Subsequently, the vertical drive circuit 12 stops driving the gate wiring gat₁ when the first horizontal scanning period ends to shut off the pixel selection transistors Q1, Q2 of each of the pixels P₁₁, . . . , P_1m in the first row. This causes the positive polarity video signal and the negative polar video signal to be held in the holding capacitances C1, C2 in each of the pixels P₁₁, . . . , P_1m in the first row until the video signal is written in the first horizontal scanning period of the next frame, when the pixel selection transistors Q1 and Q2 are turned on next time. In the plurality of pixels in the second and subsequent rows, too, the positive polarity video signal and the negative polar video signal are sequentially written and held in the same manner as described above.

The positive polarity video signal held in the holding capacitance C1 is read out via the first buffer circuit B1, selected by the first switch S1, and applied to the pixel drive electrode PE. Meanwhile, the negative polarity video signal held in the holding capacitance C2 is read out via the second buffer circuit B2, selected by the second switch S2 and applied to the pixel drive electrode PE, selection by the second switch S2 and selection by the first switch S1 being exclusive. In this way, the liquid crystal element 20 is driven by AC by changing the drive voltage Vpe of the pixel drive electrode PE to be positive or negative with respect to the common voltage Vcom.

With this configuration, the liquid crystal element 20 can be driven by AC provided that the positive polarity video signal and the negative polarity video signal are written in the holding capacitances C1, C2 in each pixel once per frame, by alternately activating the first switch S1 and the second switch S2 as many times as desired during a period until the positive polarity video signal and the negative polarity video signal of the next frame are written.
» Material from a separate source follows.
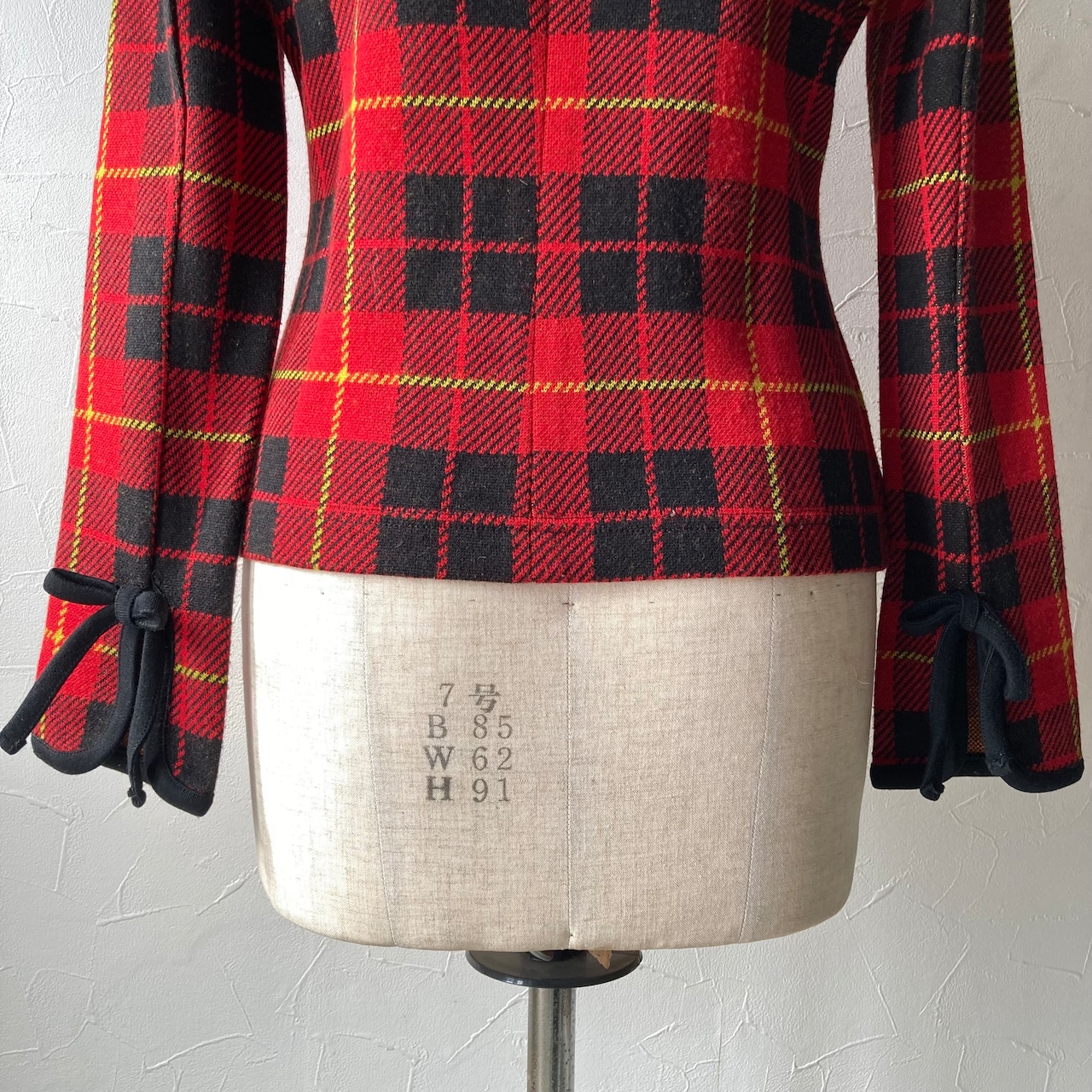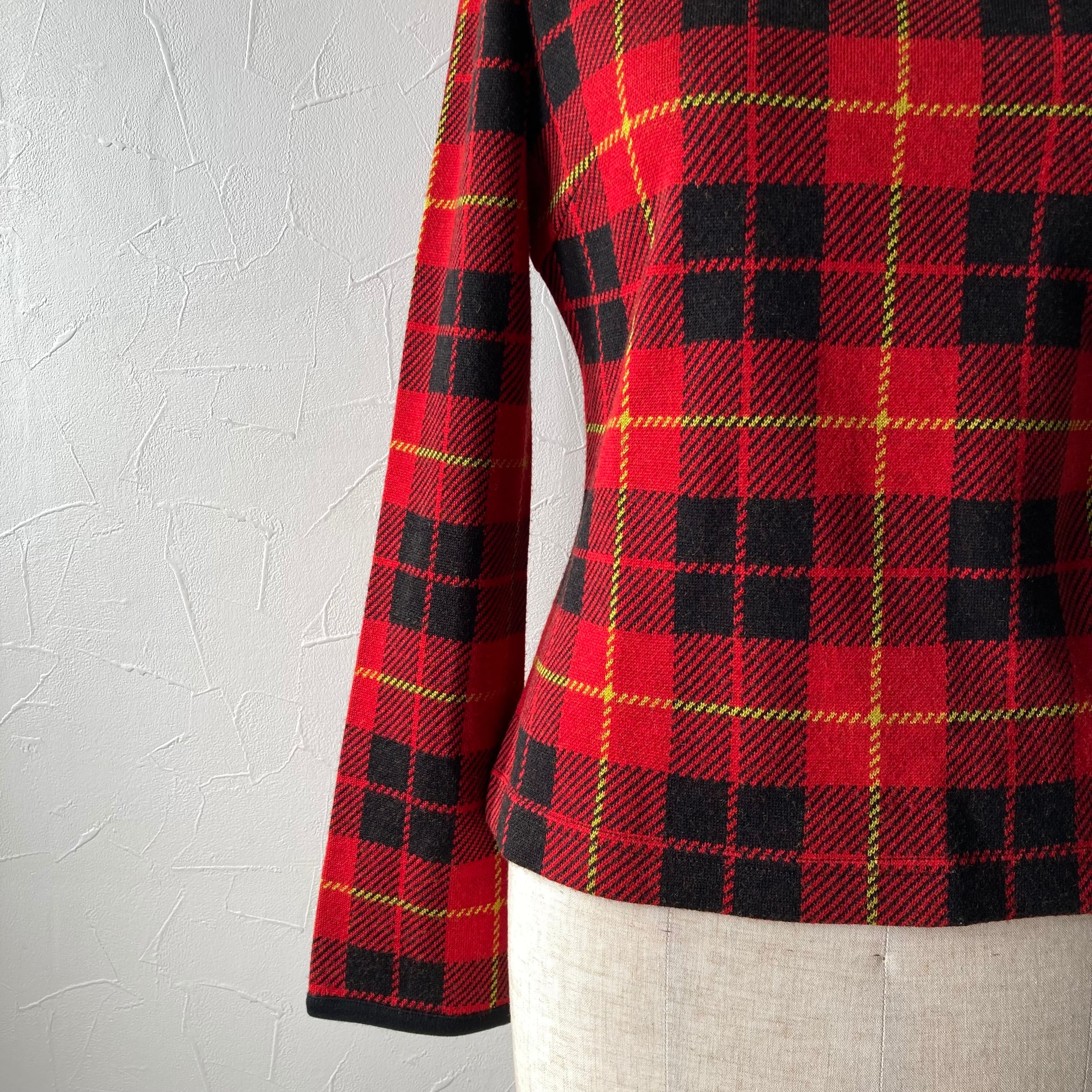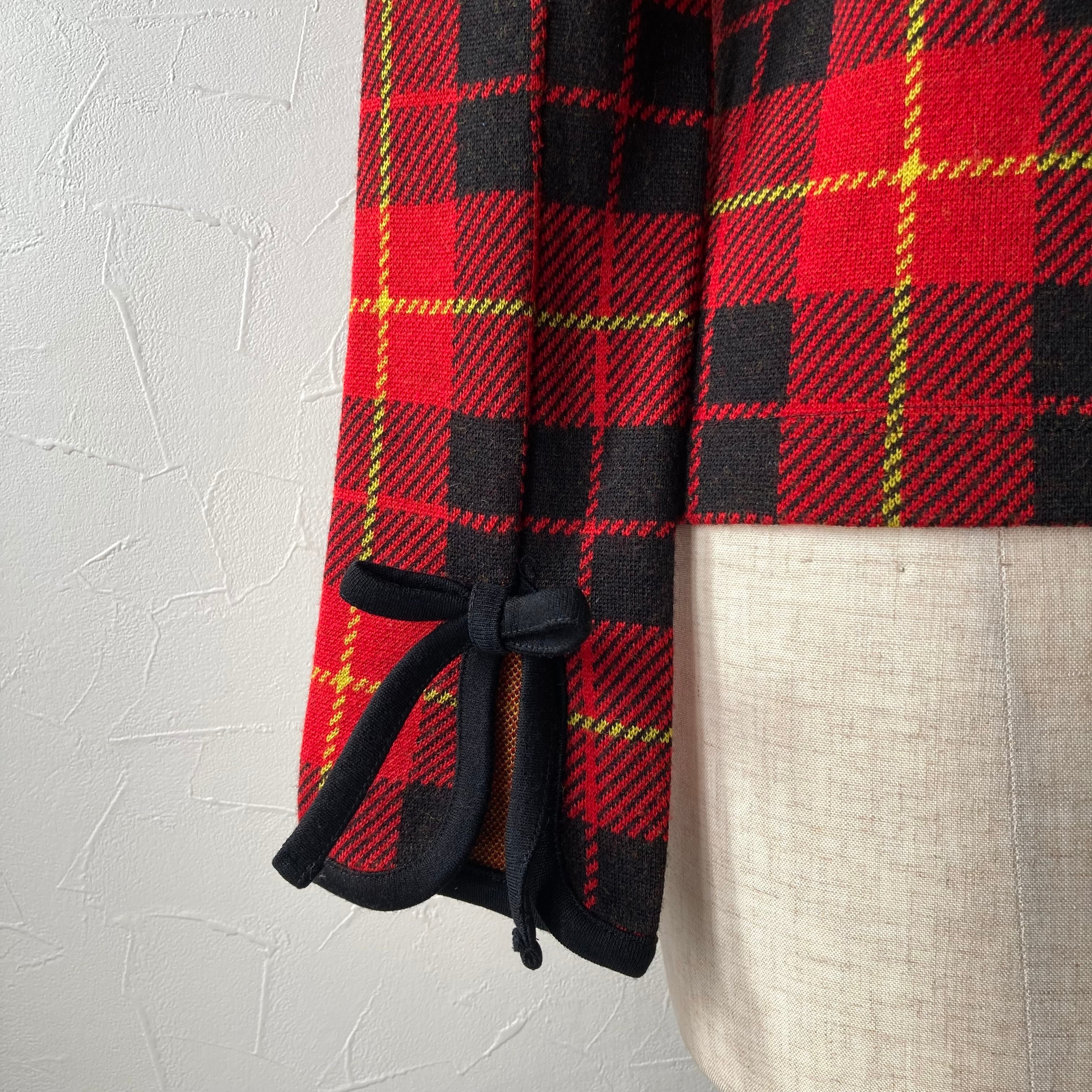赤タータンチェックリボン付ニット 古着 used vintage レトロ

That is, independent of the writing period of the video signal, the liquid crystal element 20 can be driven AC at a frequency higher than the vertical scanning frequency. This makes it possible to obtain benefits such as prevention of burn-in, improvement in reliability, and improvement in display quality. Further, the common voltage Vcom of the liquid crystal element 20 can be changed according to the polarity reversal of the drive voltage Vpe so that the voltage of the video signal can be reduced.

In order to suppress the current consumption, pulse driving that enables the first buffer circuit B1, the second buffer circuit B2, the first switch S1, and the second switch S2 only during a period necessary for signal reading is executed. The holding capacitance C3 is provided for this operation. During an enable period, the video signal through the first switch S1 or the second switch S2 that is conducting is written in the holding capacitance C3. When both switches are non-conductive, the written video signal is held in the holding capacitance C3 to drive the liquid crystal element 20. In this way, it is possible to drive the liquid crystal element 20 by AC at a frequency higher than the vertical scanning frequency, while preventing a significant increase in the power consumption.

AC driving control of the liquid crystal display apparatus of the comparative example recognized by us will be described. The configuration of the liquid crystal display apparatus of the comparative example is the same as the configuration of the liquid crystal display apparatus 100 of FIG. 1, but they differ in how the apparatus is controlled.

FIG. 3 is a timing chart for illustrating the operation of the liquid crystal display apparatus of the comparative example. The operation will now be described using the configuration of FIG. 1. FIG. 3 shows a signal waveform related to the pixel P₁₁. FIG. 3 shows the vertical synchronization signal, the bias voltage of the bias wiring b₁, the gate control signal of the control signal wiring s+₁, the gate control signal of the control signal wiring s−₁. the drive voltage Vpe of the pixel drive electrode PE, and the common voltage Vcom.

The bias voltage of the bias wiring b₁ is reduced in a pulse form at each horizontal scanning period denoted by “1H” in FIG. 3. The period from time t1 to time t2 is the horizontal scanning period. Thus, a pulsed constant current flows intermittently in the source follower circuit of the first buffer circuit B1 and the second buffer circuit B2 at each horizontal scanning period. In FIG. 3, the width of each pulse is exaggerated in order to clarify the drawing.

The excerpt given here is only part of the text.